Akzeptanz zu üben bedeutet keine Fußmatte zu sein, auch wenn manche es so interpretieren. Wenn du erst einmal gut im Akzeptieren bist, sehen sie vielleicht, wie du die Dinge kommen und gehen lässt und denken, sie könnten das nutzen; aber lass es nicht zu. Grenzen sind wichtig, weil die Leute es sehr gut versuchen könnendas auszunutzen.

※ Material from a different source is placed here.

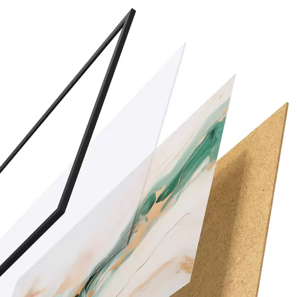 El póster consta de marco, plexiglás, imagen impresa y soporte de aglomerado. El póster puede colgarse inmediatamente en la pared gracias a los soportes de la parte posterior.

Akzeptanz bedeutet nicht Passivität. Es ist eine interessante Dualität, die Dinge zu akzeptieren, die sind, und sich dennoch dafür zu entscheiden, zu kämpfen, um sie zu verbessern. Es ist weniger verwirrend, wenn man sich daran erinnert, dass Akzeptanz keine Zustimmung bedeutet.

10. Übe weiter.

Bemühen Sie sich regelmäßig, Akzeptanz in Ihrem Leben zu üben. Sie werden wahrscheinlich eine Weile keine Ergebnisse sehen. Es kann lange dauern, bis Sie das, was kommt, willkommen heißen und dann auf den Weg schicken können.

Allerdings wird die Akzeptanz als Lebensweise etwas, das mit Übung leichter wird. Irgendwann werden Sie vielleicht feststellen, dass die Dinge Sie einfach nicht so tief berühren, weil Sie erkennen, dass sie sehr vorübergehend und daher nicht so wichtig sind.

Und natürlich sind manche Dinge größer als andere. Manche Dinge wirst du nicht einfach akzeptieren und an dir vorbeifließen lassen können. Das ist okay. Das gehört einfach zum Menschsein.